== WORK ORDER ==
Reproduce the lines below verbatim. Pictures are to be omitted.

== DATASET EXCERPT ==
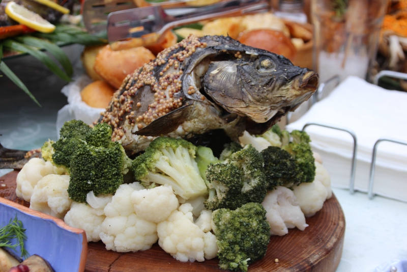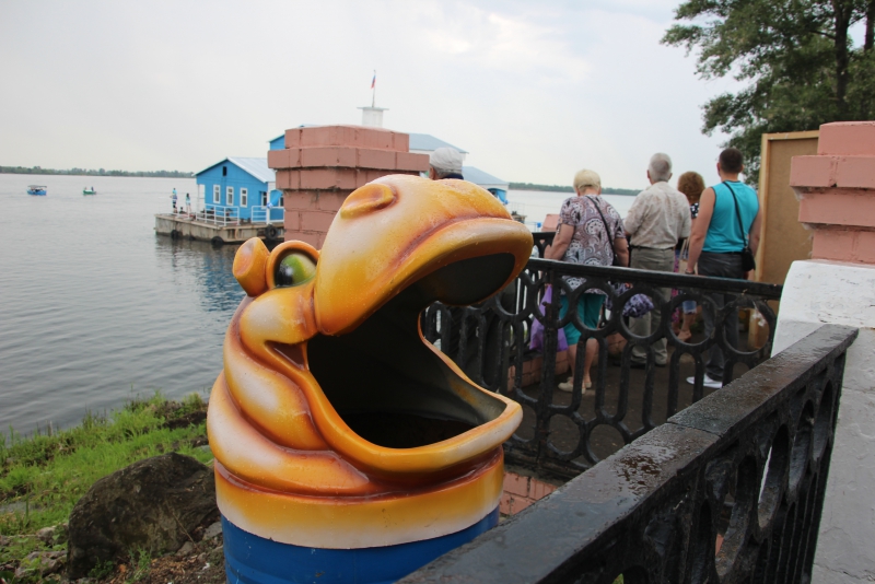 Набережную оставили для променада. На ней же разместили небольшую экспозицию работ таксидермиста. Время от времени экспонаты укутывали в черные полиэтиленовые пакеты от дождя. Полюбоваться на речных обитателей можно было только к концу фестиваля, когда погода разгулялась.
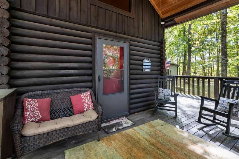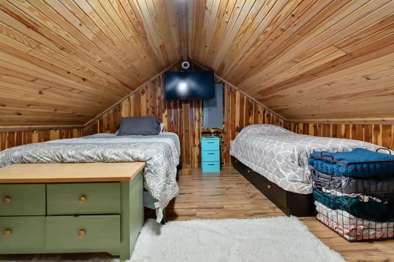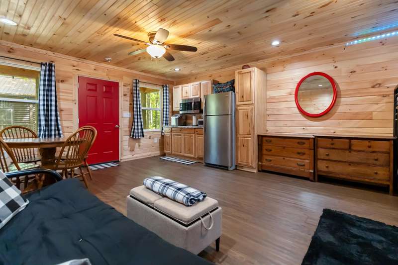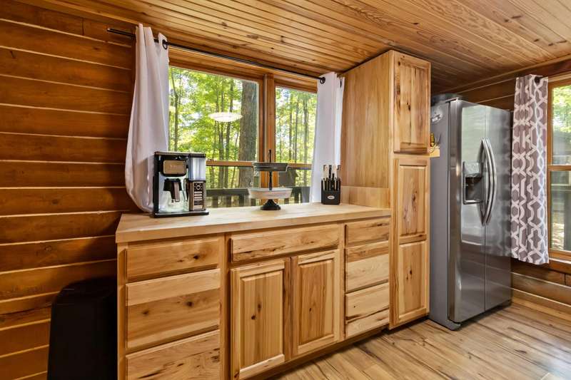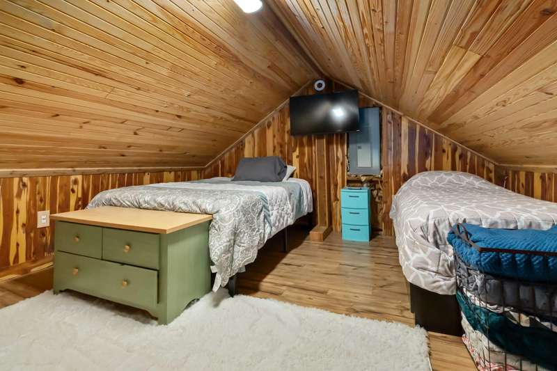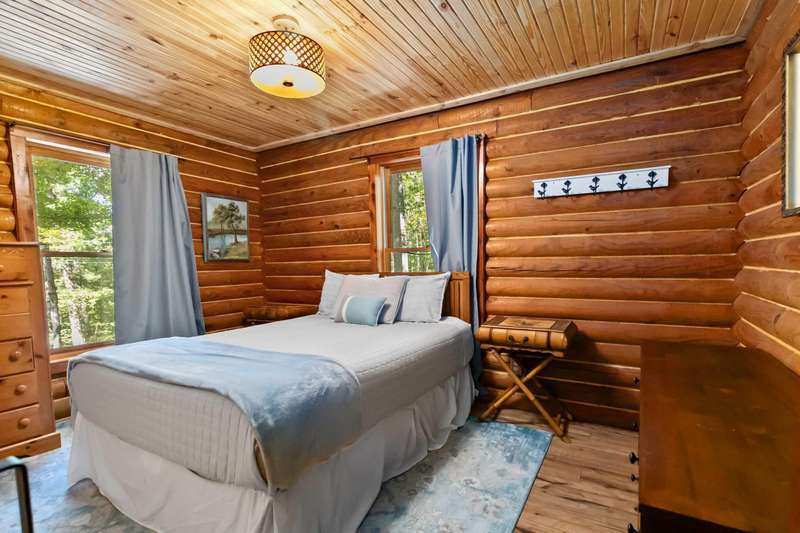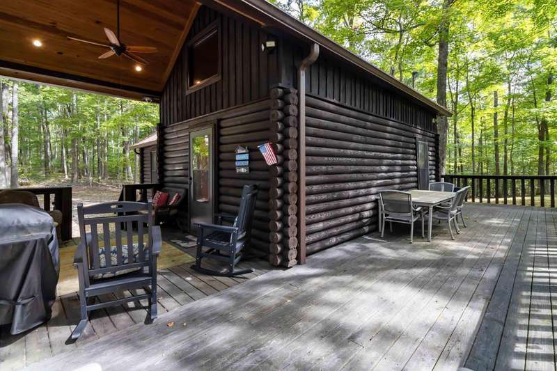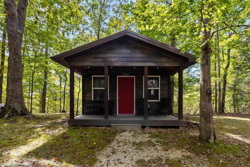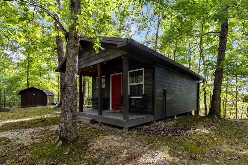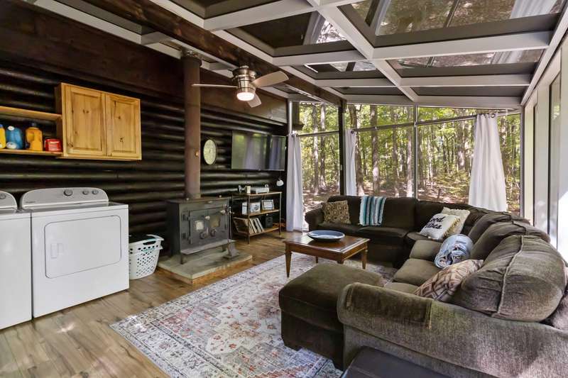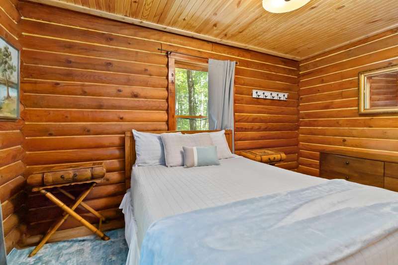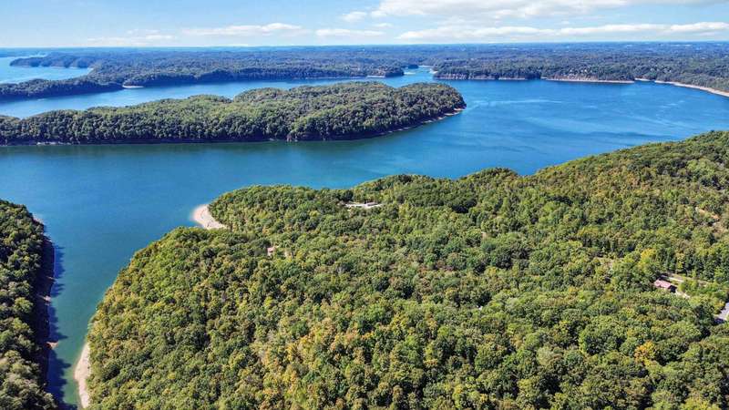 Nestled on nearly an acre of wooded land, this charming log cabin offers the perfect blend of rustic character and modern updates! Sitting on two lots totaling approx. 0.99 acre, the cabin is nicely perched above the road and tucked into the trees for privacy. Inside you'll find 1 designated bedroom plus a loft currently used as an additional sleeping area with 2 beds-altogether sleeping 5-6 people. The cabin is equipped with central heat and air, and the current owners have thoughtfully updated the kitchen and bathroom, refreshed the walls and ceilings with tongue-and-groove, upgraded the service panel, added spray foam insulation under the sunroom, gutters, and built a welcoming covered deck and porch. In 2022, they also constructed a 12x24 guest house that sleeps 6-7 with bunk beds (twin over fulls). The guest house is finished with tongue-and-groove walls and ceilings, LVP flooring, a Hardiboard exterior with metal roof, and a charming front porch. It includes a fridge, microwave, toaster oven, two TVs, and a dining table, all kept comfortable with a PTAC-style heating and cooling unit. While there is no water line to the guest house, it's the ideal setup for overflow guests, family, or friends. Best of all-this property is low maintenance with no grass to mow! Located just 2 miles to Wolf Creek Marina and close to multiple boat ramps on Lake Cumberland, you'll enjoy easy access to boating, fishing, and lake adventures. Whether you're looking for a private getaway, a short-term rental opportunity, or a unique lake-area retreat, this property has it all.
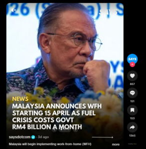 Malaysian Prime Minister Anwar Ibrahim announced in an address to the nation that work from home (WFH) will be introduced for employees of the public sector and government-linked companies (GLCs) from 15 April. However, this decision is not just a change in working methods, but part of dealing with a larger crisis.
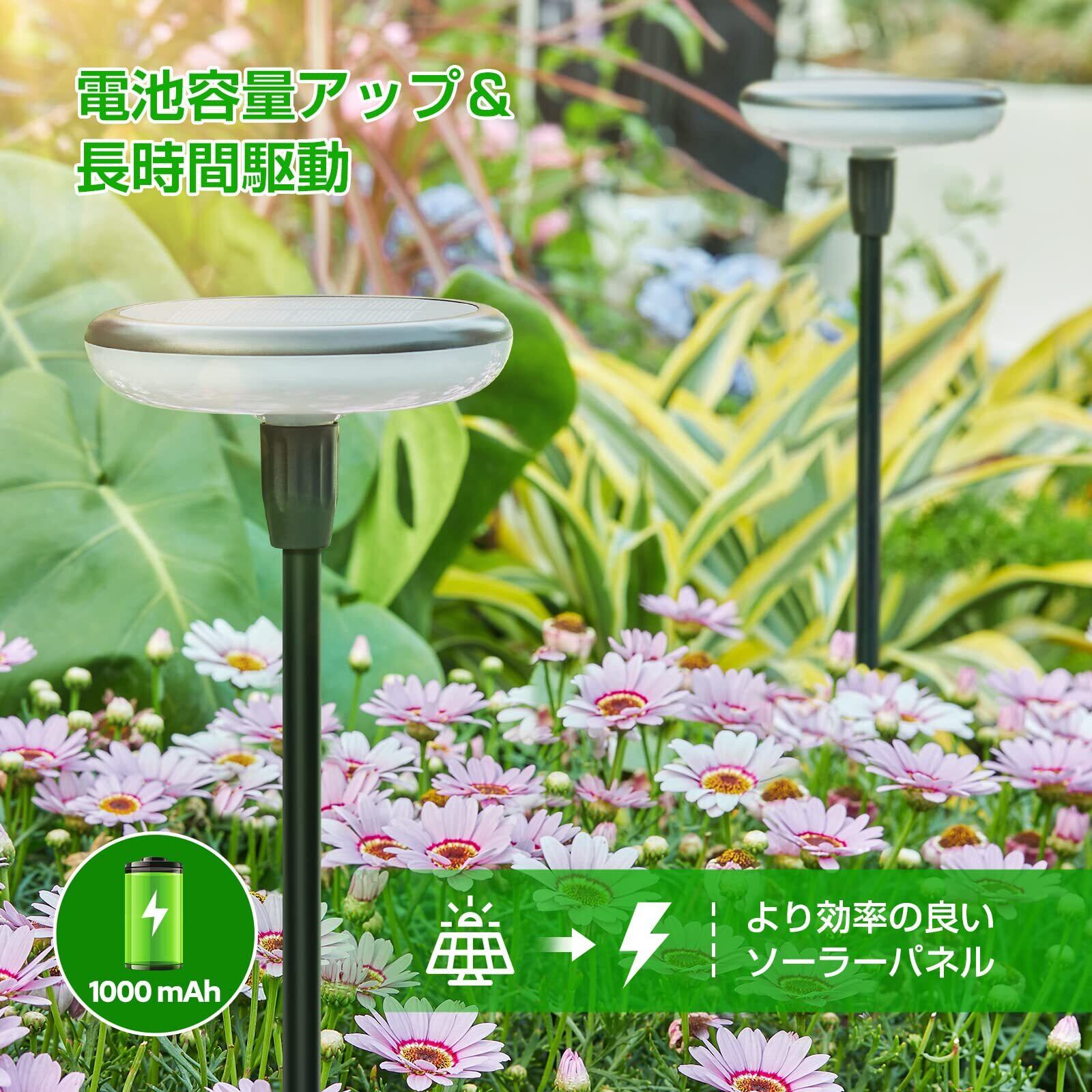 √【高品質&IP67防水】従来の太陽ライトより大きい太陽電池パネルを使用して下さい、太陽電池パネルは単結晶のケイ素に改善しました、1000mAhの充電池を内蔵、25% より多くの日光の転換の効率。日中は6~8時間充電、夜は10~12時間自動点灯、庭ライトはIP67防水認証も取得、雨、雪、霜を心配する必要がない、全天候対応可能、家の外で使うのに適して、あなたのために夜を照らすのです。

== ANSWER TO THIS TASK ==
 Набережную оставили для променада. На ней же разместили небольшую экспозицию работ таксидермиста. Время от времени экспонаты укутывали в черные полиэтиленовые пакеты от дождя. Полюбоваться на речных обитателей можно было только к концу фестиваля, когда погода разгулялась.
 Nestled on nearly an acre of wooded land, this charming log cabin offers the perfect blend of rustic character and modern updates! Sitting on two lots totaling approx. 0.99 acre, the cabin is nicely perched above the road and tucked into the trees for privacy. Inside you'll find 1 designated bedroom plus a loft currently used as an additional sleeping area with 2 beds-altogether sleeping 5-6 people. The cabin is equipped with central heat and air, and the current owners have thoughtfully updated the kitchen and bathroom, refreshed the walls and ceilings with tongue-and-groove, upgraded the service panel, added spray foam insulation under the sunroom, gutters, and built a welcoming covered deck and porch. In 2022, they also constructed a 12x24 guest house that sleeps 6-7 with bunk beds (twin over fulls). The guest house is finished with tongue-and-groove walls and ceilings, LVP flooring, a Hardiboard exterior with metal roof, and a charming front porch. It includes a fridge, microwave, toaster oven, two TVs, and a dining table, all kept comfortable with a PTAC-style heating and cooling unit. While there is no water line to the guest house, it's the ideal setup for overflow guests, family, or friends. Best of all-this property is low maintenance with no grass to mow! Located just 2 miles to Wolf Creek Marina and close to multiple boat ramps on Lake Cumberland, you'll enjoy easy access to boating, fishing, and lake adventures. Whether you're looking for a private getaway, a short-term rental opportunity, or a unique lake-area retreat, this property has it all.
 Malaysian Prime Minister Anwar Ibrahim announced in an address to the nation that work from home (WFH) will be introduced for employees of the public sector and government-linked companies (GLCs) from 15 April. However, this decision is not just a change in working methods, but part of dealing with a larger crisis.
 √【高品質&IP67防水】従来の太陽ライトより大きい太陽電池パネルを使用して下さい、太陽電池パネルは単結晶のケイ素に改善しました、1000mAhの充電池を内蔵、25% より多くの日光の転換の効率。日中は6~8時間充電、夜は10~12時間自動点灯、庭ライトはIP67防水認証も取得、雨、雪、霜を心配する必要がない、全天候対応可能、家の外で使うのに適して、あなたのために夜を照らすのです。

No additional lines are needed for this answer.